**THE TASK:**
Retype the listing exactly. Leave out the images.
##### INPUT DATA
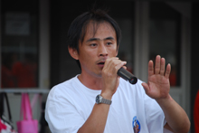一盒打開的金嗓子喉寶,一個泡著胖大海的杯子,這是記者在劉建宿舍看到的。“您累嗎?”記者問出了忍住許久的問題。以為會聽到一些豪言壯語的記者卻只得到了一聲略顯疲憊、有些沙啞的回答:“累。”“那您的壓力大嗎?”,記者又問。“我沒有壓力,我相信我有實力把我的學生帶好,和我的學生配合好。”這次記者得到了一個充滿信心的回答。 “麥霸”是劉建老師對自己開玩笑的稱呼。不過在隨后對計信學院同學的采訪中,記者卻了解到了這個稱呼更深的含義。原來,為了隨時調整隊伍人員,劉建老師會跟隨每一列的同學進行隊伍的行進和調整。而喊口號的任務自然的落在他的身上。一遍遍的走,一聲聲的喊,走出了整齊的隊列,喊出了威武的氣勢。許多同學都叫劉建 “訓練場上最辛苦的人”。因此訓練間歇會有許多學生走到劉建老師身邊提醒他注意身體,多休息,讓劉建老師很受感動。
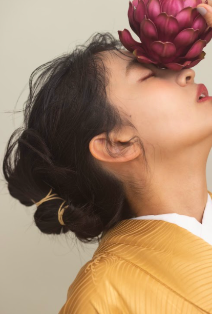 ショールやおかばんなど定番ポーズではなくおしゃれに撮りたい方にお花はおすすめです。
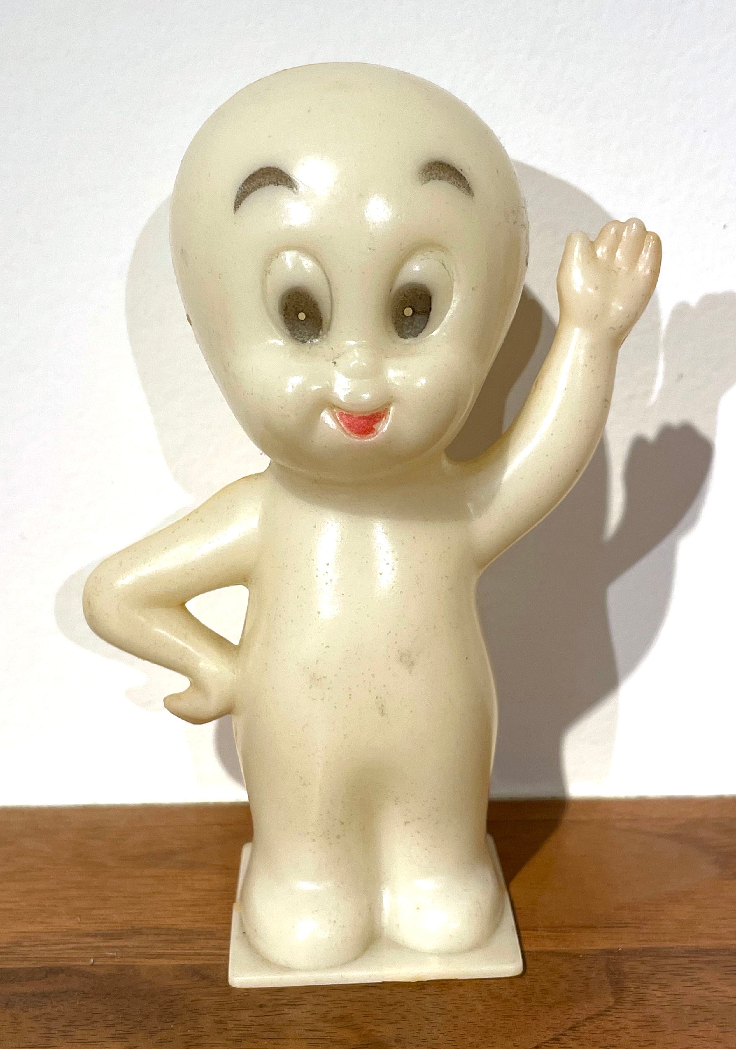 キャスパーのプラスチック製フィギュアです。夜光なので暗いところで光ります。高さ約13センチ。接着剤などがだいぶ経年劣化しています。
##########
**TASK ANSWER:**
一盒打開的金嗓子喉寶,一個泡著胖大海的杯子,這是記者在劉建宿舍看到的。“您累嗎?”記者問出了忍住許久的問題。以為會聽到一些豪言壯語的記者卻只得到了一聲略顯疲憊、有些沙啞的回答:“累。”“那您的壓力大嗎?”,記者又問。“我沒有壓力,我相信我有實力把我的學生帶好,和我的學生配合好。”這次記者得到了一個充滿信心的回答。 “麥霸”是劉建老師對自己開玩笑的稱呼。不過在隨后對計信學院同學的采訪中,記者卻了解到了這個稱呼更深的含義。原來,為了隨時調整隊伍人員,劉建老師會跟隨每一列的同學進行隊伍的行進和調整。而喊口號的任務自然的落在他的身上。一遍遍的走,一聲聲的喊,走出了整齊的隊列,喊出了威武的氣勢。許多同學都叫劉建 “訓練場上最辛苦的人”。因此訓練間歇會有許多學生走到劉建老師身邊提醒他注意身體,多休息,讓劉建老師很受感動。
 ショールやおかばんなど定番ポーズではなくおしゃれに撮りたい方にお花はおすすめです。
 キャスパーのプラスチック製フィギュアです。夜光なので暗いところで光ります。高さ約13センチ。接着剤などがだいぶ経年劣化しています。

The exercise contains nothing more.